Simulation Exercise Tests Preparedness For Deadly Pig Disease
Simulation Exercise Tests Preparedness For Deadly Pig Disease
At the State Emergency Operations Center in Johnston, simulation participants wait for more information about a mock outbreak of a deadly pig virus. Emergency planners and agriculture officials have spent this week testing their preparedness for a deadly pig disease outbreak.
The State Emergency Operations Center in Johnston hosted representatives from every sector that might be involved in the response to an outbreak of African swine fever: state and federal agriculture department veterinarians and emergency planners, pork industry leaders, law enforcement officers, farmers from other agriculture sectors, state lawmakers, staff from all of Iowa’s members of Congress and media. The simulation, which was coordinated by the U.S. Department of Agriculture, also included 13 other top pork-producing states.
Each of the four days focused on a particular aspect of an outbreak, from initial confirmation of the virus’ presence to potentially issuing a stop-movement order that would ban transport of pigs, feed, manure and carcasses, to the complications related to euthanizing infected animals and disposing of them. Iowa Secretary of Agriculture Mike Naig and Iowa’s state veterinarian, Jeff Kaisand, were both involved in the 2015 outbreak of highly pathogenic avian influenza, which raised some similar challenges. One lesson Naig says state officials learned then is that emergency plans need to be kept current.
“Plans are good. They sit on shelves and collect dust. That’s not good,” he told reporters part way through the simulation. “Plans that are exercised, planning is better.” Iowa Secretary of Agriculture Mike Naig updates participants on the latest news from USDA regarding a hypothetical disease outbreak during a preparedness exercise.Naig says the simulation poked some holes in existing plans.
“We are absolutely finding things that need to be addressed, both here in our planning but also at the national level as well,” he said, “and that’s exactly what this is supposed to do.” Barbara Porter-Spalding, a veterinarian with the USDA’s national preparedness and incident coordination team, which led the exercise from the Washington, D.C. area, says a really important aspect of the simulation was to bring in as many pork producers and people from within the industry as they could. The four-day event is the culmination of nearly a year of smaller emergency preparedness exercises and she says the value of the real-time simulation is that people feel the urgency. Big challenges like disposing of full barns of sick hogs are hard to consider in the abstract.
“Until you sit around the table and really start to talk about it, people don’t really wrap their minds around it,” she said, “but once they start to talk about it and really sit down and think, then they’ve been able to come up with some possible solutions.” Kaisand said every effort would be made to keep infected carcasses in place, which could mean needing to dispose of many on-site, a challenge that was hard enough with chickens back in 2015. But beyond that, he was reluctant to give any specifics about how carcasses would be buried, composted or otherwise disposed of.
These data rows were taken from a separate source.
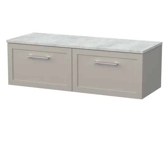 nuie Lux Larck 600mm Single Drawer Wall Hung Unit with Laminate Worktop - Pebble Grey
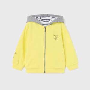 Long sleeve zip hoodie for baby. Hooded design. Side pockets. Patterned design.
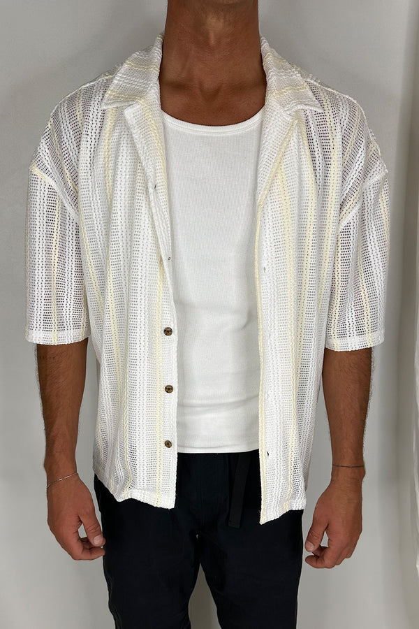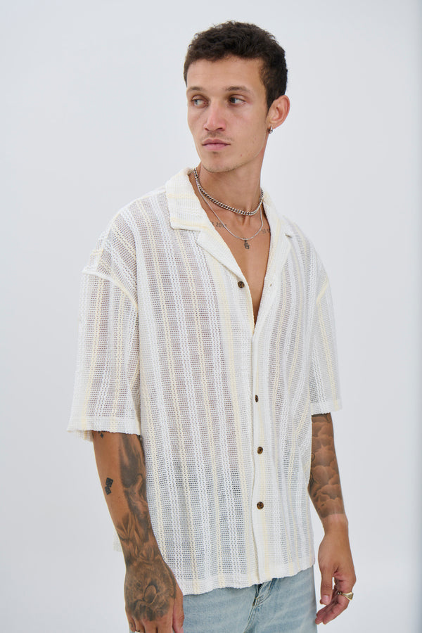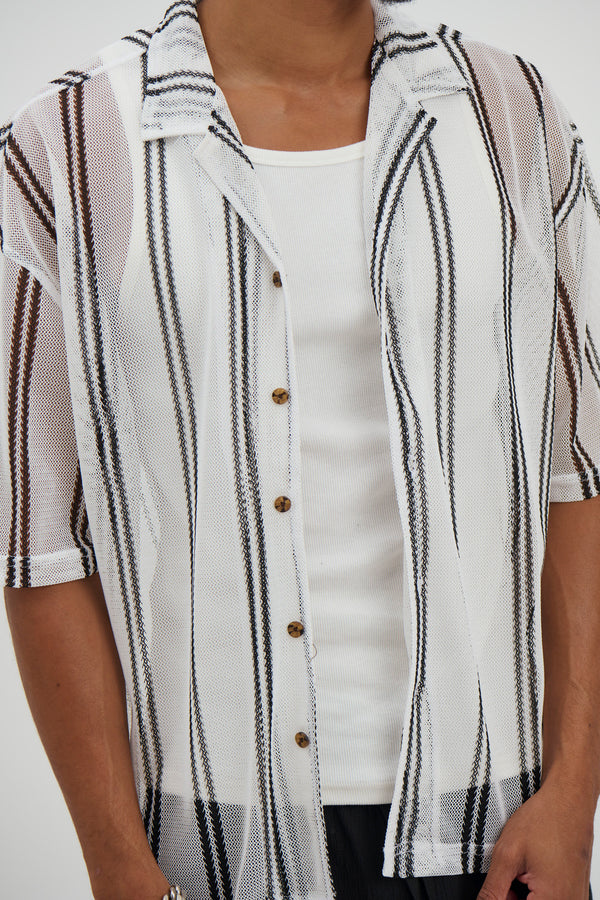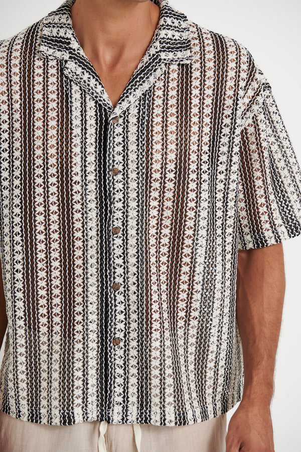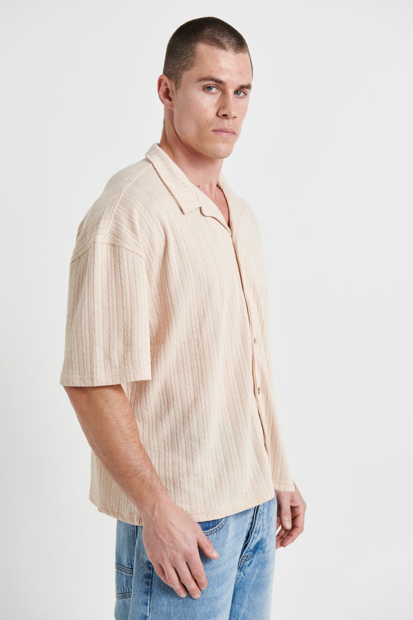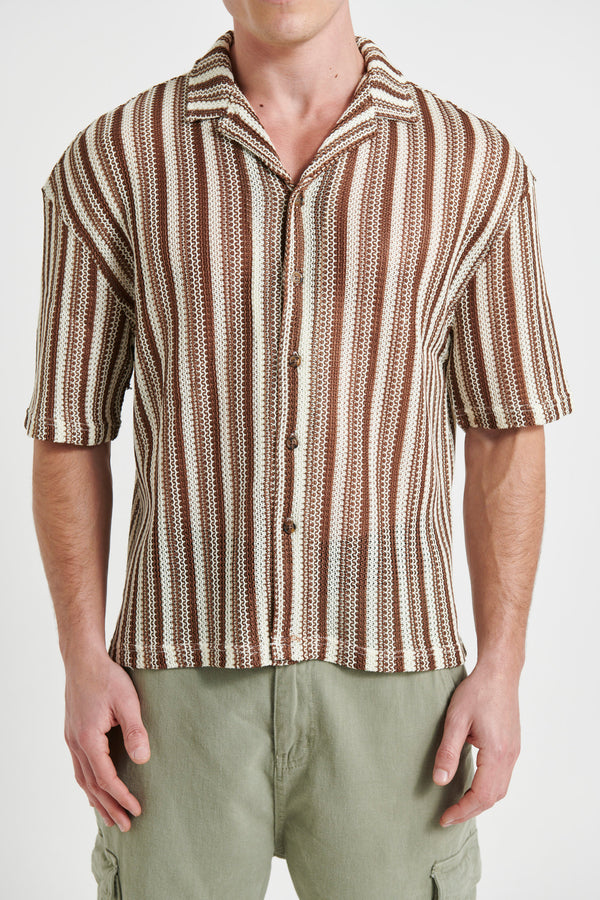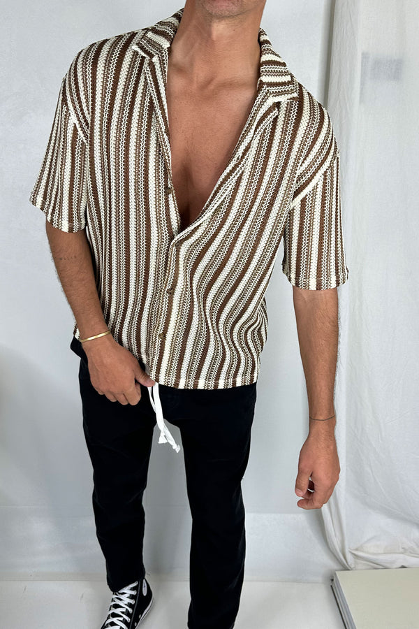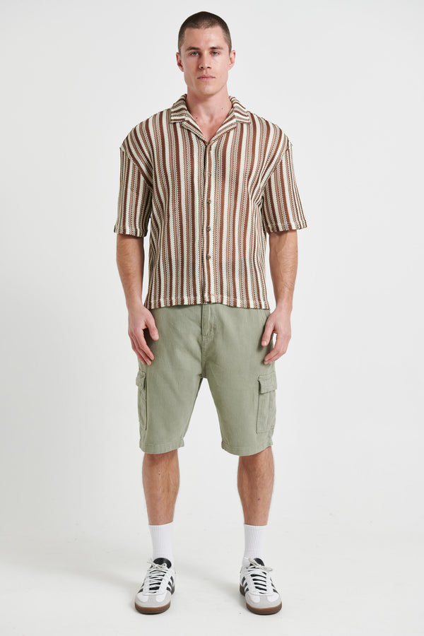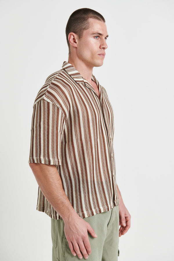 Raf Cropped Shirt Stripe Crochet Tan

Naig says the most important step is to make every effort to prevent African swine fever from entering North America. If the virus arrives, it could still be kept out of the swine herd through strict adherence to biosecurity measures.
But, he says, if a case is confirmed, a fast and aggressive response would be necessary to contain it.
African swine fever poses no threat to humans but could be economically devastating for Iowa’s pork sector. Iowa has more hogs than any other state and the Iowa Department of Agriculture estimates in the first year of an outbreak the state could see revenue losses of more than $16 million. Export markets would immediately be closed to U.S. pork, flooding the domestic market and dragging down prices for farmers.